Autumn Celeriac Veloute
Caramelised and sweet puree of onions fried in a light batter sat in a deep dish with baby cress and the veloute was poured from a flask at the table. It arrived nice and piping hot. Veloute was velvety and smooth while creamy and light at the same time.
Georges Bank Carpaccio
Sliced raw scallops were served with an Yuzu emulsion and Lemon Verbena Jell O. I disagree with a previous post that the Yuzu over-dominated the carpaccio as I hardly detected it. Perhaps it was modified after the management read the reviews. The Lemon Verbena Jell O were really pretty cubes of orange and added to the aesthetics of the dish together with the flowers but was a little lacking in flavour. A few flakes of sea salt in my humble opinion could have helped lift the dish a little.
Norwegian Flat White
Not being a big fan of fish (while I do appreciate the fish was cooked properly and was very delicate), I was more interested in the fricassee of Chanterelles mushrooms, sweetbreads and smoked sea urchin foam. The mushrooms were really earthy and the foam delicious though I was unable to detect any hints of smoke.
Snake River Farms Top Sirloin
The sirloin was cooked to medium as recommended by the chef and it was indeed so, to perfection. The doneness was consistent throughout the steak which might suggest it was done sous vide ( I saw a number of sous vide items on the ala carte menu)? However, the crust was quite charred (it was almost black) but it added a nice crispiness and smokiness, which I kind of liked. The Maitake (Japanese mushroom) Potato Dauphinoise was nice though the Matitake was kind of lost. Heirloom carrots were nicely cooked with a slight bit of crunch. What really didn’t make any sense to me was the accompanying Beurre Noisette Granola. It’s basically granola fried in a browned butter sauce that I believe would be better served over breakfast or sprinkled over their desserts.

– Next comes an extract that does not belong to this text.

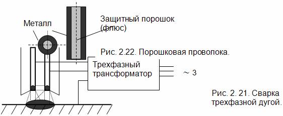 5. Сварка трехфазной дугой (рис. 2.21). Используется специальный электрод, состоящий из двух электрически изолированных между собой стержней и покрытых общей обмазкой. К каждому стержню подводится по фазе, а третья — к детали.

It is basically a very smooth vanilla pannacotta which is not overly sweet. The compressed Thompson grapes were okay but what was really special was the topping of the Mikan Mandarins. I find it even hard to describe. It has a wafer-like, nougat kind of puffy texture which I have no idea how it is done. The citrus flavour is an excellent counterpoint to the rich creamy curd. Presentation for this dish scores the highest scores as it sits in a globe-like glass, on a round stone slate, on a white dish.
This is a trio of desserts on a plate. On the left was a Sudachi Quenelle, which was very very tangy and will send u puckering. Very nice when complimented with the other two desserts on the slate. In the middle was a Banana Sphere, a concentrated ‘yolk’ of banana essence covered with a membrane achieved with molecular gastronomy. Lastly there was a chocolate cake that was pretty light yet flavourful.
What I love about Keystone is that the food is quite experimental without being too gimmicky, how it embraces ingredients from all over the world, explore new bounderies and the fusing of traditional and modern cooking techniques. It is definitely my kind of restaurant.
Food is presented beautifully and I just love the dinnerware. Shaped stone-slates sit perfectly on their accompanying plates for almost all the dishes, cute little forks and butter knives for the amuse bouche and bread… (oh… the steak knives are from WMF!) all the attention to details.
Service here is top-notch. Many thanks to the charming and beautiful head waitress Maggie Chua who was extremely attentive, friendly and had a great humour . Great training was provided to all of the staff who knew the produce and the dishes when asked. Plates were cleared, water topped off promptly. Service staff was all smiles and seemed so passionate about pleasing their customers. Kudos to the front of house and kitchen! Keep it up!